The idea is reasonable. Here is an outline of the proof. The details will be left for you to fill in.

Consider $\|\cdot\|_\mathbb{M}$ any matrix norm, $\|\cdot\|_\mathbb{P}$ any polynomial norm and the topologies induced by these norms.

Start by showing that the function $p : (\mathbb{M}_{n \times n}(\mathbb{C}),\|\cdot\|_\mathbb{M}) \to (\mathbb{P}(\mathbb{C}), \|\cdot\|_\mathbb{P}) $ that associates each matrix $A$ to its characteristic polynomial $p(A)$ is continuous.

Next, show that $\rho : (\mathbb{P}(\mathbb{C}), \|\cdot\|_\mathbb{P}) \to (\left[0, \infty\right[, |\cdot|) : f \mapsto \max \{|r| : f(r) = 0\}$ is continuous using the fact that the roots of a complex polynomial with complex coefficients varies continuously as a function of its coefficients.

Then finally show that $F = p^{-1}( \rho ^{-1} ( \left[0, 1\right[ ))$.

Answer 3

For any fixed $A$, let $J=P^{-1}AP$ be the Jordan form of $A$. You may shrink the super-diagonal of $J$ at will via similarity transform.
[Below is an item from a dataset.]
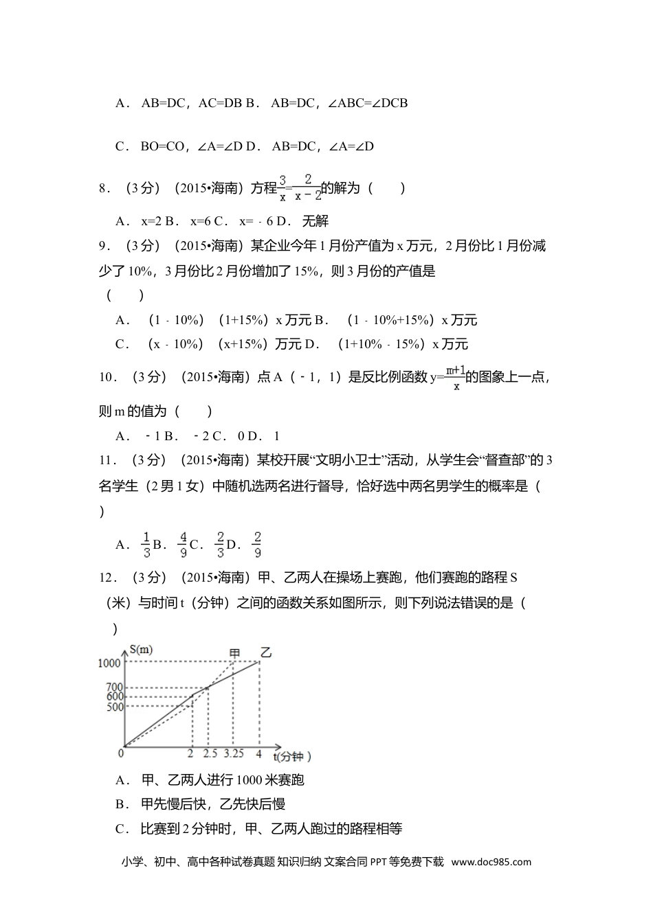 2015年海南省中考数学试卷一、选择题(每小题3分,共42分)1.(3分)(2015•海南)﹣2015的倒数是()A.﹣B.C.﹣2015D.20152.(3分)(2015•海南)下列运算中,正确的是()A.a2+a4=a6B.a6÷a3=a2C.(﹣a4)2=a6D.a2•a4=a63.(3分)(2015•海南)已知x=1,y=2,则代数式xy﹣的值为()A.1B.﹣1C.2D.﹣34.(3分)(2015•海南)有一组数据:1,4,﹣3,3,4,这组数据的中位数为()A.﹣3B.1C.3D.45.(3分)(2015•海南)如图是由5个完全相同的小正方体组成的几何体.则这个几何体的主视图是()A.B.C.D.6.(3分)(2015•海南)据报道,2015年全国普通高考报考人数约为9420000人,数据9420000用科学记数法表示为9.42×10n,则n的值是()A.4B.5C.6D.77.(3分)(2015•海南)如图,下列条件中,不能证明△ABC≌△DCB的是()小学、初中、高中各种试卷真题知识归纳文案合同PPT等免费下载www.doc985.comA.AB=DC,AC=DBB.AB=DC,∠ABC=∠DCBC.BO=CO,∠A=∠DD.AB=DC,∠A=∠D8.(3分)(2015•海南)方程=的解为()A.x=2B.x=6C.x=6D﹣.无解9.(3分)(2015•海南)某企业今年1月份产值为x万元,2月份比1月份减少了10%,3月份比2月份增加了15%,则3月份的产值是()A.(110%﹣)(1+15%)x万元B.(110%+15%﹣)x万元C.(x10%﹣)(x+15%)万元D.(1+10%15%﹣)x万元10.(3分)(2015•海南)点A(﹣1,1)是反比例函数y=的图象上一点,则m的值为()A.﹣1B.﹣2C.0D.111.(3分)(2015•“”“”海南)某校幵展文明小卫士活动,从学生会督查部的3名学生(2男1女)中随机选两名进行督导,恰好选中两名男学生的概率是()A.B.C.D.12.(3分)(2015•海南)甲、乙两人在操场上赛跑,他们赛跑的路程S(米)与时间t(分钟)之间的函数关系如图所示,则下列说法错误的是()A.甲、乙两人进行1000米赛跑B.甲先慢后快,乙先快后慢C.比赛到2分钟时,甲、乙两人跑过的路程相等小学、初中、高中各种试卷真题知识归纳文案合同PPT等免费下载www.doc985.comD.甲先到达终点13.(3分)(2015•海南)如图,点P是▱ABCD边AB上的一点,射线CP交DA的延长线于点E,则图中相似的三角形有()A.0对B.1对C.2对D.3对14.(3分)(2015•海南)如图,将⊙O沿弦AB折叠,圆弧恰好经过圆心O,点P是优弧上一点,则∠APB的度数为()A.45°B.30°C.75°D.60°二、填空题(每小题4分,共16分)15.(4分)(2015•海南)分解因式:x29=﹣.16.(4分)(2015•海南)点(﹣1,y1)、(2,y2〕是直线y=2x+1上的两点,则y1y2“”“(填>或=”“”或<)17.(4分)(2015•海南)如图,在平面直角坐标系中,将点P(﹣4,2)绕原点顺时针旋转90°,则其对应点Q的坐标为.18.(4分)(2015•海南)如图,矩形ABCD中,AB=3,BC=4,则图中五个小矩形的周长之和为.小学、初中、高中各种试卷真题知识归纳文案合同PPT等免费下载www.doc985.com三、解答题(本题共6小题,共62分)19.(10分)(2015•海南)(1)计算:(﹣1)3﹣12×2﹣2﹣;(2)解不等式组:.20.(8分)(2015•“”海南)小明想从天猫某网店购买计算器,经査询,某品牌A号计算器的单价比B型号计算器的单价多10元,5台A型号的计算器与7台B型号的计算器的价钱相同,问A、B两种型号计算器的单价分别是多少?小学、初中、高中各种试卷真题知识归纳文案合同PPT等免费下载www.doc985.com21.(8分)(2015•海南)为了治理大气污染,我国中部某市抽取了该市2014年中120天的空气质量指数,绘制了如下不完整的统计图表:空气质量指数统计表级别指数天数百分比优050﹣24m良51100﹣a40%轻度污染101150﹣1815%中度污染151200﹣1512.5%重度污染201300﹣97.5%严重污染大于30065%合计120100%请根据图表中提供的信息,解答下面的问题:(1)空气质量指数统计表中的a=,m=;(2)请把空气质量指数条形统计图补充完整:(3“”“”)若绘制空气质量指数扇形统计图,级别为优所对应扇形的圆心角是度;(4)估计该市2014年(365天)中空气质量指数大于100的天数约有天.小学、初中、高中各种试...

In fact, if $D:=\operatorname{diag}(1,t,t^2,\ldots,t^{n-1})$, the super-diagonal entries of $D^{-1}JD$ are $t$ times their counterparts in $J$. When $t\to0^+$, the super-diagonal of $D^{-1}JD$ approaches zero too.

So, if $\rho(A)<1$ and $t>0$ is small, we have $\|A\|_?<1$, where $\|B\|_?:=\|D^{-1}P^{-1}BPD\|_\infty$. Since all norms on a finite-dimensional vector space induce the same topology, $\mathcal O=\{B: \|B\|_?<1\}$ is open in the usual topology. Yet, our new norm is also submultiplicative. Therefore $\rho(B)\le\|B\|_?<1$ on $\mathcal O\ni A$ and our conclusion follows.